Does the Sig P226 MK 25 Navy with anchor insignia have any added value because it is used by some Navy Seals? If the Sig is replaced by the Navy with the Glock 19 will the Sig retain the Navy anchor or will it move to the Glock?

Be Vigilant.


----------



## TAPnRACK (Jan 30, 2013)

I believe the Sig P226 MK25 is the old P226 Navy, given it's name because of the extra coating making it more suitable for salt water enviorments.... just like the P226 Tacops used to be known as the P226 Blackwater Edition. The Anchor symbol is a Sig thing (distinguishing the Navy edition from others) and may have nothing to do with Seals using the P226... although I bet that it sold a boat load of Sig's to Seal Fanboys and Wanabee Operators... marketed as the exact same gun Seals use.

Don't get me wrong, Sig makes excellent handguns and I own 3... I'm just saying there is some marketing hype used to sell some models of guns. 


Sent from my SM-N920V using Tapatalk


----------



## Martyn (Jul 25, 2016)

I agree the anchor insignia is most likely a Sig proprietary marketing tool. Sig has a big lineup and they move things around a lot. It is difficult to predict what changes Sig will make next and if the Navy anchor will remain on the MK25. 

Thanks for your response.


NSA Naples

NC Iridium 9575


----------



## Blackhawkman (Apr 9, 2014)

You can use your Sig for a boat anchor swabby! Us ground pounders will just shoot our Glock 19's! Have a good day Navy!
The US Marines are trying to adopt the Gen3 Glock 19 replacing the Beretta.


----------



## Martyn (Jul 25, 2016)

The Glock 19 and Sig P226 Mk25 are both excellent, reliable weapons.
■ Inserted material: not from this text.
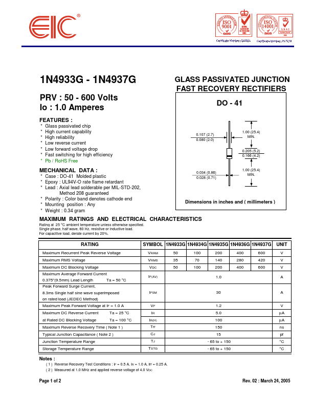 1N4937G Datasheet | EIC Semiconductor
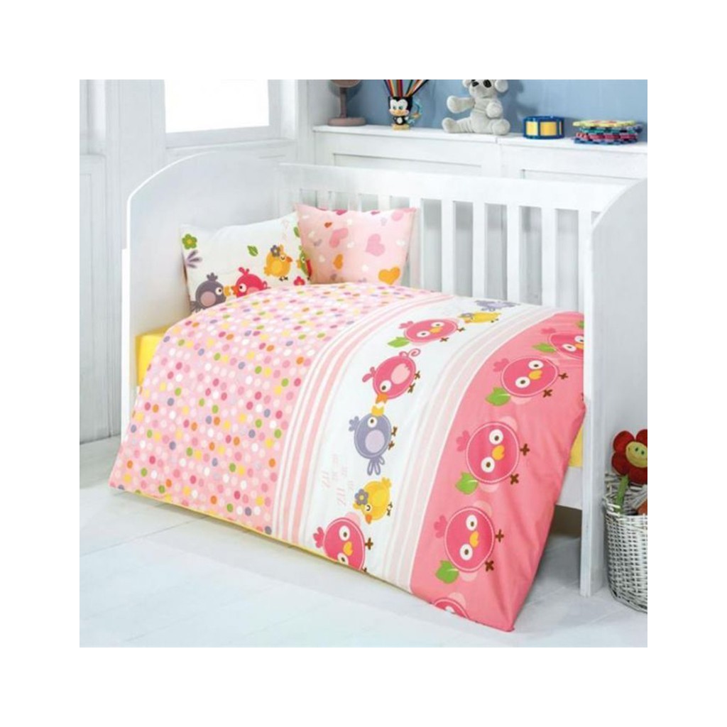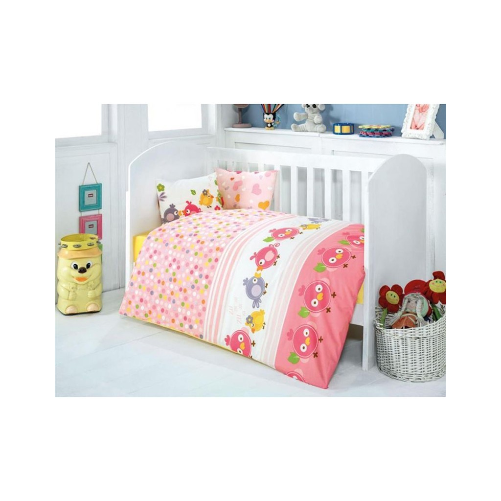 Турският производител ZAMBAK представя очарователен спален комплект от четири части, създаден специално за най-малките членове на семейството. Нежният дизайн с весели пиленца и играещи точки в розова гама превръща всяко детско легълце в приказно кътче за сън и почивка. Комплектът е изработен изцяло от висококачествен памучен плат тип Ранфорс, който осигурява мекота, въздухопропускливост и безопасност за нежната бебешка кожа.

The MHS program is interested in the Glock 19 for several reasons. With the anticipated influx of female recruits the services need a smaller, reduced size sidearm. The compact Glock 19 has several advantages, it is light and simple with fewer moving parts, is has a reduced size and has a smaller profile, and it is cheaper than the full size pistols like the Sig P226 or the Glock 17. The Glock 19 could be the perfect pistol for the ladies and the marines. Special Operators will still retain the option to use real, all steal full size sidearms like the Mk25 from their diverse small-arms locker.


----------